While too much of the media uncritically echoes the dire warnings from Lockheed and the right-wing think tanks that any cuts in military spending will leave us vulnerable to terrorists, China and perhaps even Venezuela, the reality is that US military spending equals that of the world’s seventeen next biggest military spenders – combined! The Pentagon’s research and development budget alone is roughly equal to China’s entire military budget! Despite his announced commitment to creating a nuclear weapons-free world, in order to win Senate ratification of the New START arms control treaty with Russia, President Obama agreed to increase spending for nuclear weapons and their delivery systems by $185 billion in the coming decade. And then, there’s the trillion dollars the Pentagon plans to spend to build and operate the new F-35 jet fighter that is as outmoded as the cold war.

I was never a fan of Republican President Eisenhower. After all, it was Ike who threatened to initiate nuclear war against Korea, China and even Lebanon, and who brought on the Vietnam War. But he was pretty much on point when he began his presidency with post-WWII economic revitalization as his priority. He taught the American people that “Every gun that is made, every warship launched, every rocket fired signifies, in the final sense, a theft from those who hunger and are not fed, those who are cold and not clothed … This is not a way of life at all in any true sense.” As he left office, it was Ike who warned that “we must guard against the acquisition of unwarranted influence … by the military industrial complex” whose “total influence – economic, political and even spiritual – is felt in every city, every State house, every office of the Federal government.”

Fifty years on, that complex has become a state within a state, undermining our real security.

As we have been reminded by the Arab Spring, Burma’s turn toward democracy and the Occupy movement, democratic change to address real human needs and affirm our rights and dignity requires a bit of chutzpah. Instead of kowtowing to the Daddy Warbucks of our era, it’s time to press our political leaders to learn from the University of Massachusetts study and to have the courage to speak truth to power, prophetically showing us and the nation the way. We need real job creation, not more nuclear weapons, missiles and outdated fighter aircraft.

Today, Germany is regarded as having the healthiest, if most obstinate, European economy, far healthier than ours. One reason is that they spend only 1.5 percent of their gross domestic product on their military, not our 4.06 percent, according to “The CIA World Factbook CIA World Factbook.” They recognize that a nation’s future lies in educating its youth and guaranteeing that every qualified student gets a college education without taking on crippling financial burdens.
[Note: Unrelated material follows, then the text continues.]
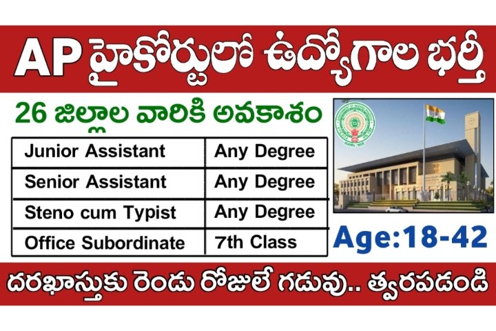 ఆంధ్రప్రదేశ్ హైకోర్టు లీగల్ సర్వీసెస్ అథారిటీ నుండి ఉద్యోగాల భర్తీ కోసం మరో కొత్త నోటిఫికేషన్ విడుదలైంది. సీనియర్ అసిస్టెంట్, జూనియర్ అసిస్టెంట్, స్టెనో కం టైటిస్ట్, ఆఫీస్ సబార్డినేట్ పోస్టుల భర్తీకి నోటిఫికేషన్ విడుదల చేశారు. 7వ తరగతి ఏదైనా డిగ్రీ విద్యార్హతలు కలిగిన అభ్యర్థులు దరఖాస్తు చేసుకోవచ్చు. రాత పరీక్ష, స్కిల్ టెస్ట్, ఇంటర్వ్యూ ఆధారంగా అభ్యర్థులను ఎంపిక చేస్తారు. ఆంధ్రప్రదేశ్ రాష్ట్రంలోని 26 జిల్లాల వారు దరఖాస్తు చేసుకోవచ్చు. ఈ ఉద్యోగాలకు Offline ద్వారా దరఖాస్తు చేసుకోవాలి. దరఖాస్తు కు మరో రెండు రోజులు మాత్రమే గడువు ఉంది. సెప్టెంబర్ 14 వ తారీకు లోపు దరఖాస్తు చేసుకోవాలి. అర్హత, వయస్సు, జీతం, దరఖాస్తు, ఎంపిక విధానం వివరాలు తెలుసుకుందాం…

And like other advancing nations, Germany is investing in the infrastructures and technologies needed to compete in the 21st century.

For real security, we need an end to foreclosures. We need schools with enough books for all of our children. We are entitled to the knowledge that we will not die prematurely for want of medical care and access to the Internet equal to that of … South Korea!

Instead of pleading to waste still more tax dollars by holding onto redundant military bases and deploying Rumsfeld’s Prompt Global Strike weapons systems, new nukes and more missiles, it’s past time to demand that we fund our communities – including job training and creation for displaced military-industrial complex workers – not war. With campaigns like Massachusetts’ Budget for All referenda, it is time to resist, not embrace, the military-industrial complex’s extortion. Just as Massachusetts’ political leaders were sent to Congress to oppose slavery a century and a half ago and to lead the 1980s nuclear weapons freeze campaign, it’s time for them to say, “Enough!” We deserve real security.

We’re not going to stand for it. Are you?